Moskau und Sankt Petersburg mögen viele kennen, vielleicht sogar aus eigener Erfahrung. Orte wie Krasnodar, Yaroslavl, Perm und Kasan sind schon weniger bekannt, obwohl es teils Millionenstädte sind. Wladivostok, die Hafenstadt am Japanischen Meer, ist ein wichtiger Wirtschaftsstandort mit 600 000 Einwohnern. Dorthin führt der neue Russland- Podcast „Kasha Today“, den die Berliner Kulturmanagerin Barbara Anna Bernsmeier und der Journalist Jürg Andreas Meister von Januar an einmal pro Monat senden (https://anchor.fm/kashatoday). Bernsmeier und Meister, die beide selbst eine Weile in Russland lebten und sich als Kenner und Liebhaber des Riesenlandes outen, engagieren sich in der Initiative CETKA (russisch: „Netz“).

CETKA sucht den Austausch mit Regionen abseits der Hauptstädte in Belarus, der Ukraine und Russland. Den Podcastern geht es eher darum, über den Alltag in Russland zu erzählen. Über Putin, Kreml und Kriege hört man schon genug in den täglichen Nachrichten, über Menschen jenseits der Macht dafür weniger, sagen sie. Für die erste Folge interviewten die beiden die Zugbegleiterin Irina Anatolevna. Deren Arbeitsplatz ist der Platzkarten-Waggon von Wladiwostok nach Moskau. Unter Travellern ist die über 9000 Kilometer lange Strecke in der Transsibirischen Eisenbahn ein Mythos.

Sieben Tage ist man in Waggons mit brodelnden Samowaren unterwegs. Für Irina Anatolevna, der „Provodnica“, bedeutet das sieben Tage Arbeit mit Fingerspitzengefühl – und selbst wenn sie in Moskau Pause macht, lebt sie weiterhin im Waggon.
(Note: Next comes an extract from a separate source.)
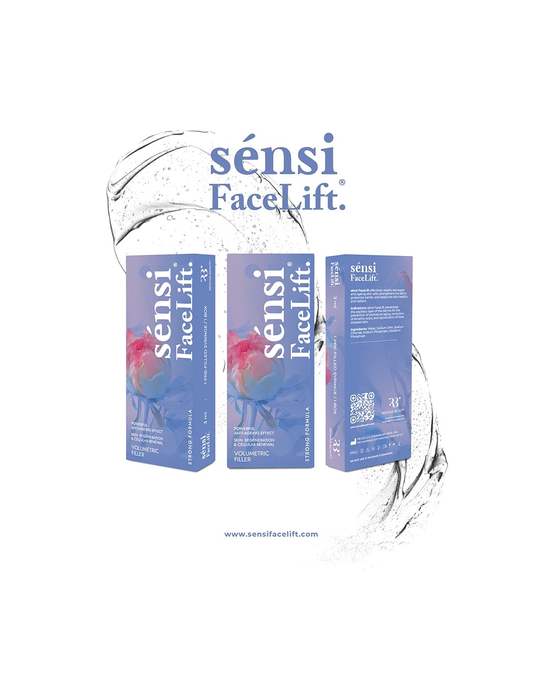 Sensi Face Lift to innowacyjny hydrożel do iniekcji, który łączy wysoko i nisko cząsteczkowy kwas hialuronowy, trehalozę oraz polinukleotydy, oferując intensywne nawilżenie, objętość oraz poprawę elastyczności skóry. Efekty zabiegu są widoczne natychmiast i utrzymują się przez wiele tygodni, a preparat można stosować na twarz, szyję, dekolt, dłonie i kolana.
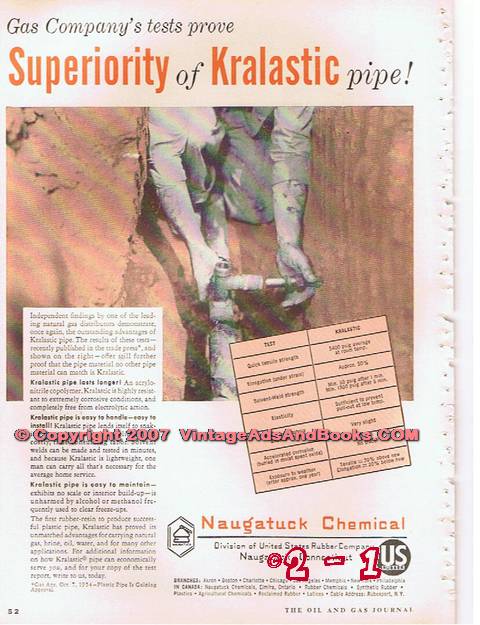 Original oil and gas trade magazine vintage ad for WILSON MANUFACTURING COMPANY, INC. of Wichita Falls, TX. Wilson is First Again! with the Slim Hole Rig That Really Counts. First name in Drilling Rigs. Pictured is the Wilson Mogul 42 Torcair Slim Hole Rig and Mogul 102' Manten Angle Steel Mast. The Home of Red Iron. Unique 1955 old oilfield petroleum drilling industry equipment magazine advertisement would display sensational matted and framed. On the reverse side is an ad for NAUGATUCK CHEMICAL of Naugatuck, CT. Division of United States Rubber Company. Gas Company's Tests Prove Superiority of Kralastic Pipe! Old 1955 petroleum petrochemical industry magazine advertisement. Approximate size 9 x 12 inches.

Im Interview erzählt sie vom Mikrokosmos Zug, den Gästen, wie man Grenzkontrollen überwindet und mit flegeligen Fabrikbelegschaften umgeht.

Mit Podcasts in die weite Welt

Die beiden Hosts lassen ihre Gesprächspartnerin in langen Passagen auf Russisch sprechen, ohne dass simultan gedolmetscht wird. Die Übersetzung samt Kommentar kommt erst anschließend. Gut für Menschen, die russisch beherrschen, Entschleunigung für die, die es nicht können. Im zweiten Teil der knapp 50-minütigen Folge hört man auch Einspieler zur Frage, was Nähe in einem riesigen Land wie Russland bedeutet. Eine charmante Idee.

CETKA, mit Partnerorganisationen in der weißrussischen Hauptstadt Minsk und im russischen Kirow, sucht auch sonst den Kontakt zu „Botschafter*innen des Wandels“ in Russland, Belarus und der Ukraine. Menschen, die Kunst- und Kulturzentren leiten, Demonstrationen und Performances organisieren oder sich dafür einsetzen, dass ein Teich in ihrer Stadt nicht plattgemacht wird. In einem Projekt, das seit September 2019 läuft, drehten rund ein Dutzend dieser zivilgesellschaftlich und künstlerisch arbeitenden Gruppen kurze Videoclips über sich und ihre Region. Diese Videos wurden bereits in einer Online-Premiere präsentiert und steht in diesen Tagen auch auf einer Website zur Verfügung.

Der Podcast entsteht am Berliner Zentrum für Kunst und Urbanistik (ZK/U Berlin). Das auf einem ehemaligen Güterbahnhof in Moabit beheimatete ZK/U Berlin bietet jenseits von urbanen Projekten wie diesem auch Ausstellungs- und Veranstaltungsflächen sowie 13 Atelierwohnungen für Künstler, Wissenschaftler*innen und Gruppen, die sich mit dem Thema „Stadt“ beschäftigen. Normalerweise wird regelmäßig zum „Open House“ eingeladen. In Pandemiezeiten kann man die Aktivitäten online verfolgen (www.zku-berlin.org).